HESI RN
HESI Exit Exam RN Capstone
1. A client with a urinary tract infection is prescribed ciprofloxacin. What is the most important teaching the nurse should provide?
- A. Take the medication with milk to prevent stomach upset.
- B. Increase fluid intake to 2-3 liters per day.
- C. Avoid taking the medication with dairy products.
- D. Continue taking the medication even if symptoms improve.
Correct answer: B
Rationale: Ciprofloxacin can cause crystalluria, so increasing fluid intake to 2-3 liters per day helps flush out the medication and prevent crystal formation in the kidneys. This also ensures adequate hydration, which supports the body's ability to fight the infection. Choice A is incorrect because ciprofloxacin should not be taken with dairy products as they can interfere with the absorption of the medication. Choice D is incorrect because although it's important to complete the full course of antibiotics, it's equally crucial to report any improvement in symptoms to the healthcare provider.
2. A client with a history of type 2 diabetes is admitted with hyperglycemia. What is the nurse's priority action?
- A. Administer a dose of insulin as prescribed.
- B. Check the client's blood glucose level.
- C. Administer a fluid bolus to improve hydration.
- D. Monitor the client's intake and output closely.
Correct answer: B
Rationale: The correct answer is to check the client's blood glucose level. This is the priority action when dealing with a client admitted with hyperglycemia. Checking the blood glucose level helps determine the severity of hyperglycemia and guides further treatment. Administering insulin or fluids or monitoring intake and output are important interventions but should come after assessing the blood glucose level to inform the most appropriate course of action.
3. After receiving hemodialysis, what is the nurse's priority assessment for a client with chronic kidney disease?
- A. Monitor the client's potassium level.
- B. Assess the client's blood pressure.
- C. Check the client's hemoglobin and hematocrit levels.
- D. Monitor for signs of infection.
Correct answer: A
Rationale: The correct answer is to monitor the client's potassium level. During hemodialysis, there is a risk of potassium shifting, which can lead to life-threatening arrhythmias if not properly managed. Assessing the potassium level is crucial to prevent complications. While assessing blood pressure, checking hemoglobin and hematocrit levels, and monitoring for signs of infection are important aspects of care for a client with chronic kidney disease, monitoring potassium levels takes precedence due to its immediate life-threatening potential post-dialysis.
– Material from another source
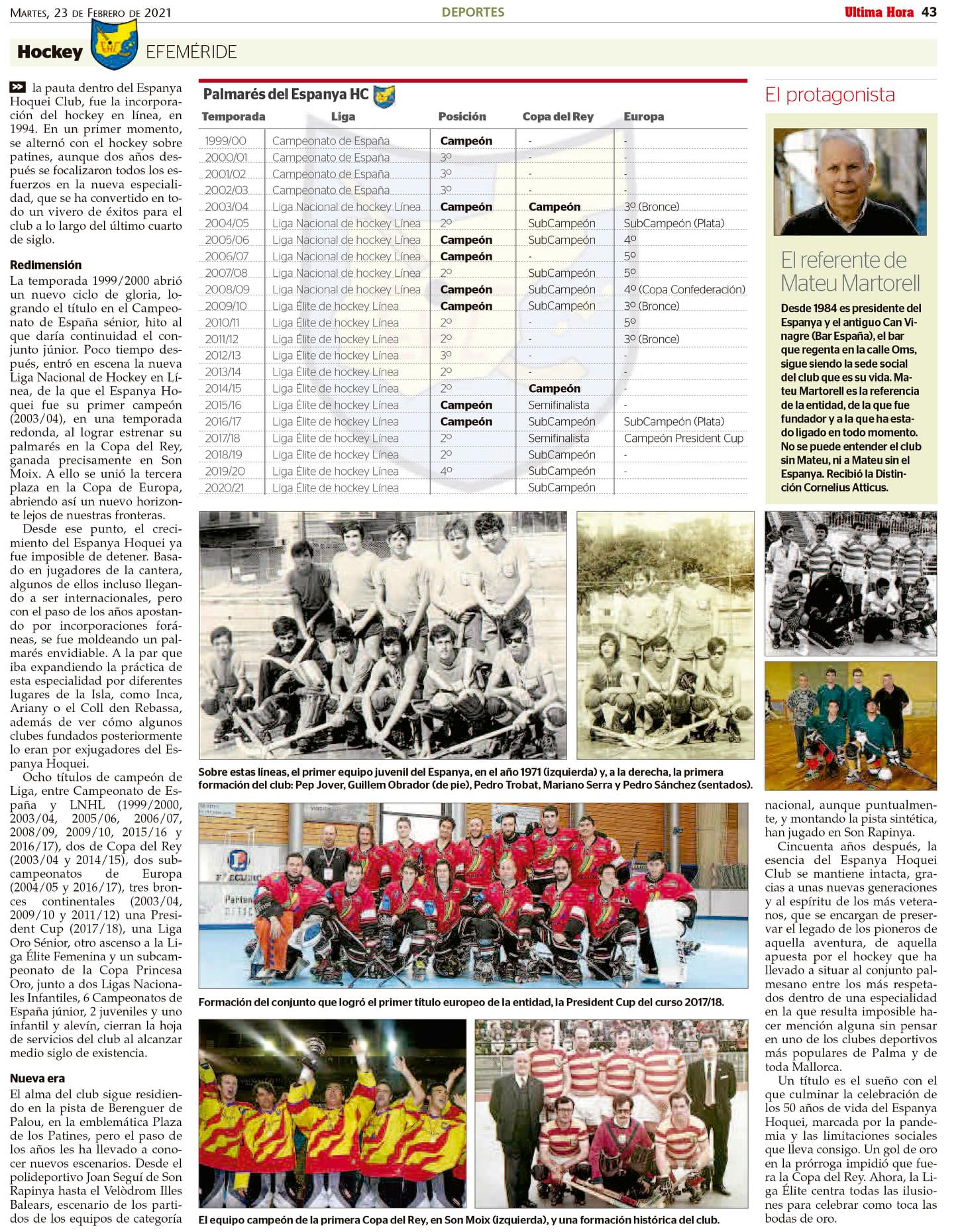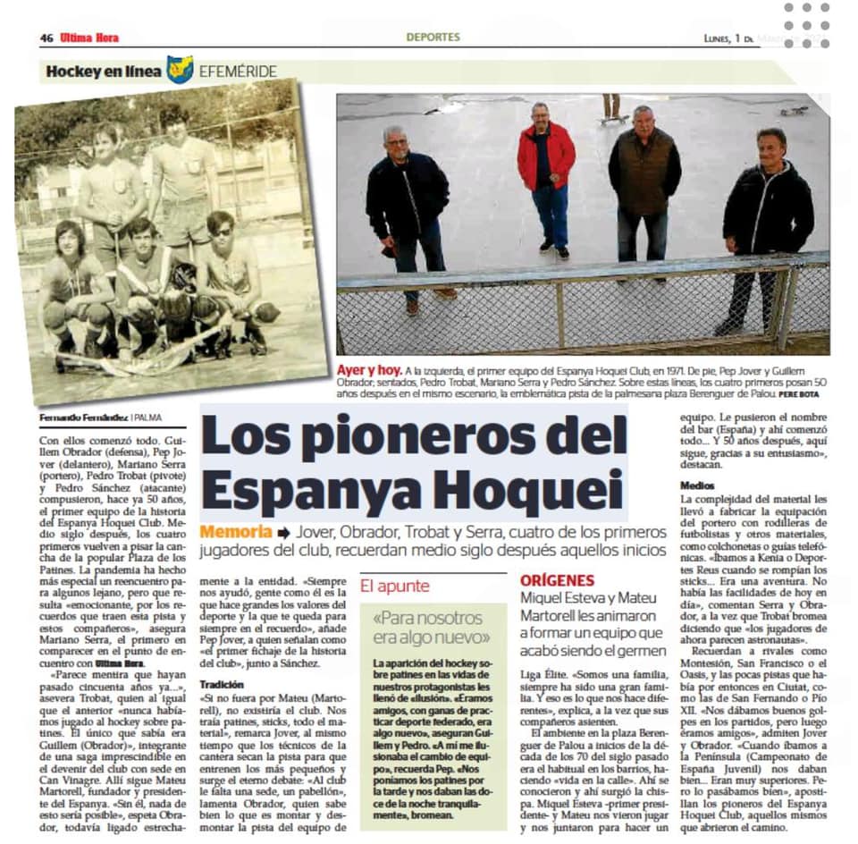 Lejos queda el año 1971, cuando un grupo de personas vinculadas al hockey sobre patines, que hizo de la plaça Bisbe Berenguer de Palou -la popular Plaza de los Patines- su punto de reunión, fundó el Espanya, al que da nombre el conocido bar de la calle Oms, sede social del club y donde se concentran miles de recuerdos. El actual presidente, Mateu Martorell, su primer mandatario, Miquel Esteva, Joan Jaume o Joan Riudala fueron algunos de los pioneros de una institución que empezó con un equipo infantil, junto a un Sénior que luchó por ascender a Primera División, y en 1972 se formó un juvenil con amigos y familiares del absoluto. Esta estructura se mantuvo hasta 1979, lográndose un año antes el ascenso a Primera, lo que provocó un cambio importante en el club, que contaba con diez equipos -incluyendo una escuela-, y multiplicó sus éxitos a escala territorial y nacional.

4. An adolescent client with intellectual disability refuses oral hygiene. A behavior modification program is recommended. Which reinforcement is best for the nurse to implement?
- A. Candy for successful oral hygiene tasks.
- B. Tokens for each successful oral hygiene task.
- C. Privilege restrictions for refusing oral hygiene tasks.
- D. Preferred activities or privileges for compliance.
Correct answer: D
Rationale: In this scenario, the best reinforcement for the nurse to implement is preferred activities or privileges for compliance. Positive reinforcement with privileges is effective in encouraging behavior change in adolescents, including those with intellectual disabilities. Choice A (Candy for successful oral hygiene tasks) may not be suitable as it involves providing a sugary reward, which contradicts the goal of oral hygiene. Choice B (Tokens for each successful oral hygiene task) could be effective but may not be as motivating as preferred activities or privileges. Choice C (Privilege restrictions for refusing oral hygiene tasks) focuses on negative reinforcement, which is not as effective as positive reinforcement in behavior modification.
5. The father of a 4-year-old has been battling metastatic lung cancer for the past 2 years. After discussing the remaining options with his healthcare provider, the client requests that all treatment stop and that no heroic measures be taken to save his life. When the client is transferred to the palliative care unit, which action is most important for the nurse working on the palliative care unit to take in facilitating continuity of care?
- A. Ensure the client's family is aware of the client's wishes
- B. Begin comfort measures immediately
- C. Obtain a detailed report from the nurse transferring the client
- D. Confirm that the client understands the treatment plan
Correct answer: C
Rationale: Obtaining a detailed report from the previous nurse ensures continuity of care and that all relevant information is passed on. This is critical in palliative care, where comfort measures and symptom management are key components of care. Choice A is not the most important action in this scenario, as the question focuses on continuity of care within the healthcare team. Beginning comfort measures immediately, as in choice B, is essential but obtaining a detailed report takes precedence to ensure a smooth transition of care. Confirming that the client understands the treatment plan, as in choice D, is important but does not directly address the need for continuity of care through a detailed report.